Given material
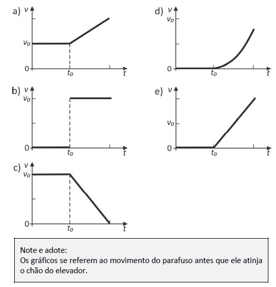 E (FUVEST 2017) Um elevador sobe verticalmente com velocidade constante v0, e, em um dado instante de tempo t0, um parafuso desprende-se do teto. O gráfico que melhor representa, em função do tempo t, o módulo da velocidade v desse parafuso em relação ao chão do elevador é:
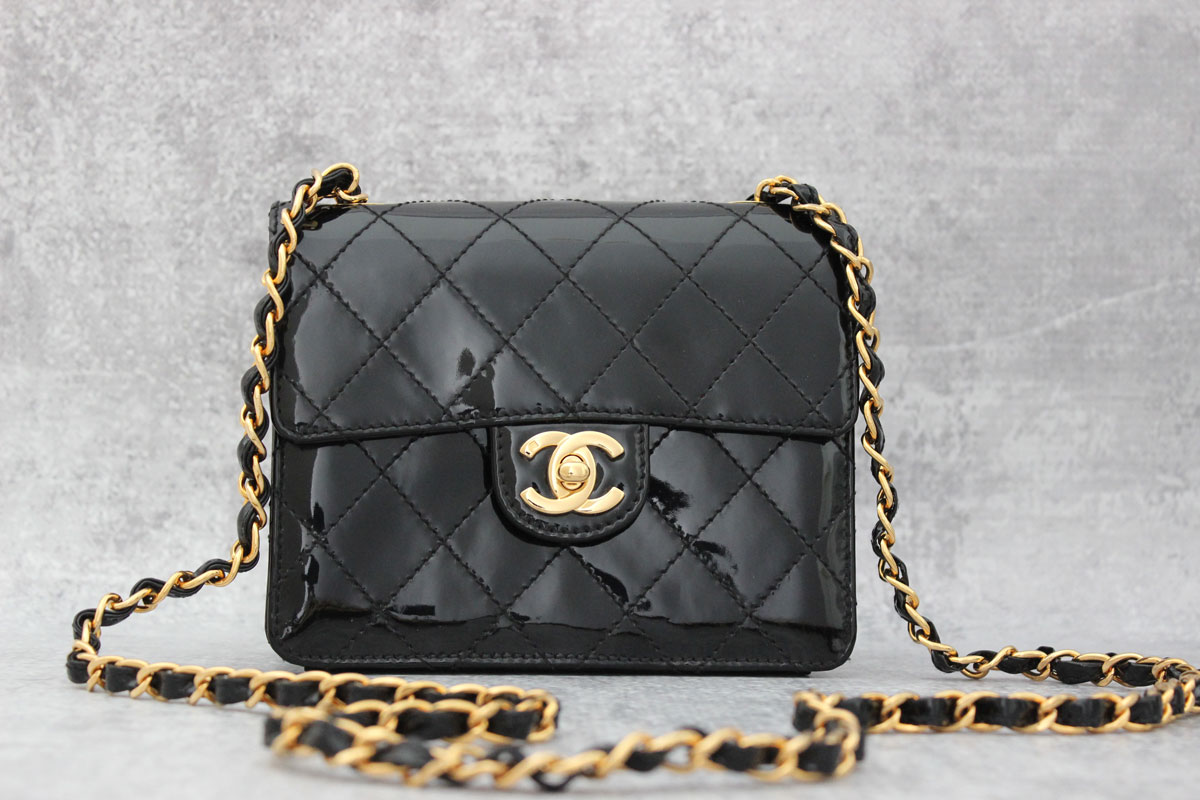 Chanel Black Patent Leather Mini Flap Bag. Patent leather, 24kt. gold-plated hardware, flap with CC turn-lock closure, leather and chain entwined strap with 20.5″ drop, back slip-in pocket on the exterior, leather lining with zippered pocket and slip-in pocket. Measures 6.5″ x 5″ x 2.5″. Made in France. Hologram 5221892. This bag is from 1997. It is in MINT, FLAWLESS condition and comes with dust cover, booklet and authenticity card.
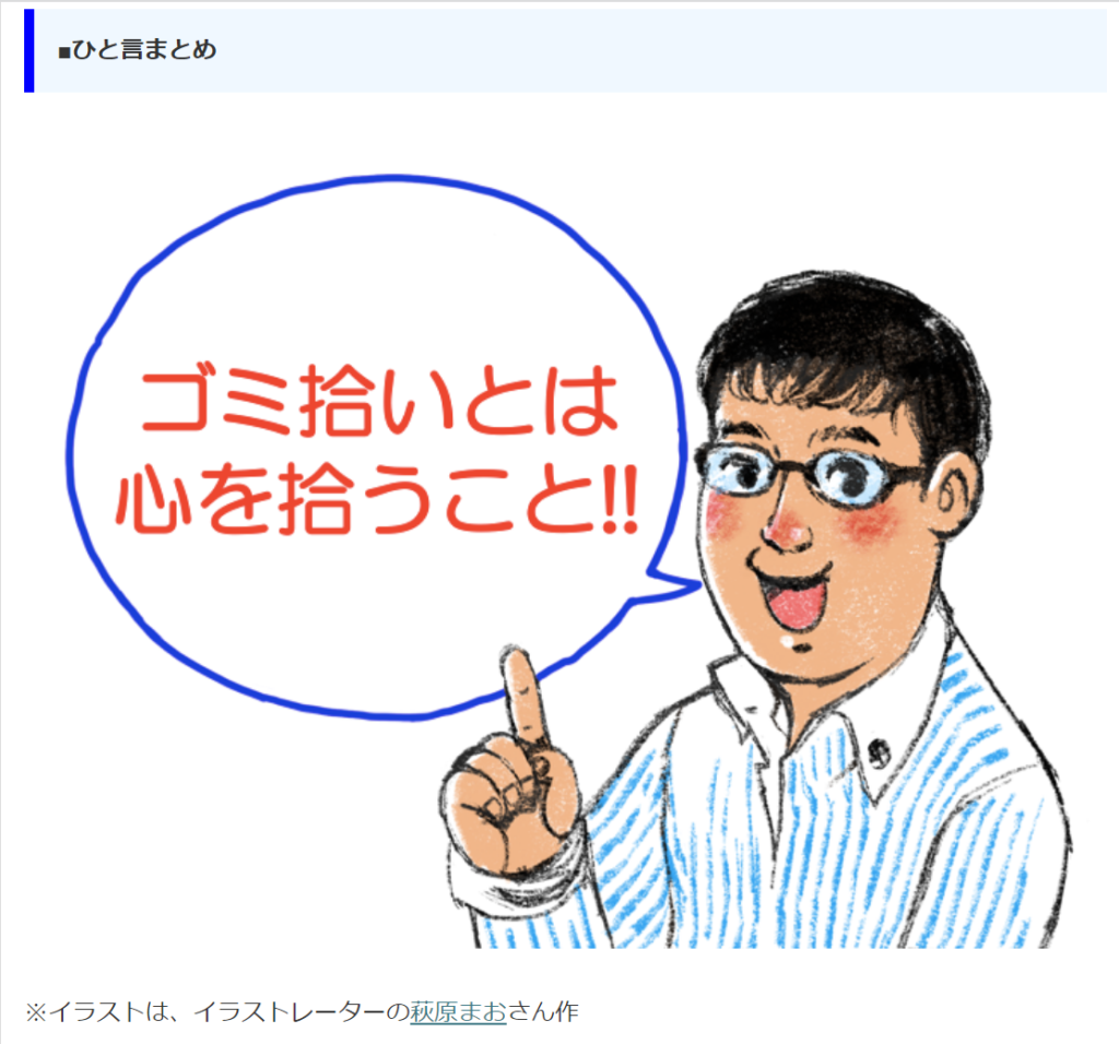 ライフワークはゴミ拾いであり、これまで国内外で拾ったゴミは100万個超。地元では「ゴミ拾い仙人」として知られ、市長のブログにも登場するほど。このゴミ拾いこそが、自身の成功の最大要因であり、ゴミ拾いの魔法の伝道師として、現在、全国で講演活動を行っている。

Problem details
Your task is to repeat the material above exactly, without its pictures.

Response
 E (FUVEST 2017) Um elevador sobe verticalmente com velocidade constante v0, e, em um dado instante de tempo t0, um parafuso desprende-se do teto. O gráfico que melhor representa, em função do tempo t, o módulo da velocidade v desse parafuso em relação ao chão do elevador é:
 Chanel Black Patent Leather Mini Flap Bag. Patent leather, 24kt. gold-plated hardware, flap with CC turn-lock closure, leather and chain entwined strap with 20.5″ drop, back slip-in pocket on the exterior, leather lining with zippered pocket and slip-in pocket. Measures 6.5″ x 5″ x 2.5″. Made in France. Hologram 5221892. This bag is from 1997. It is in MINT, FLAWLESS condition and comes with dust cover, booklet and authenticity card.
 ライフワークはゴミ拾いであり、これまで国内外で拾ったゴミは100万個超。地元では「ゴミ拾い仙人」として知られ、市長のブログにも登場するほど。このゴミ拾いこそが、自身の成功の最大要因であり、ゴミ拾いの魔法の伝道師として、現在、全国で講演活動を行っている。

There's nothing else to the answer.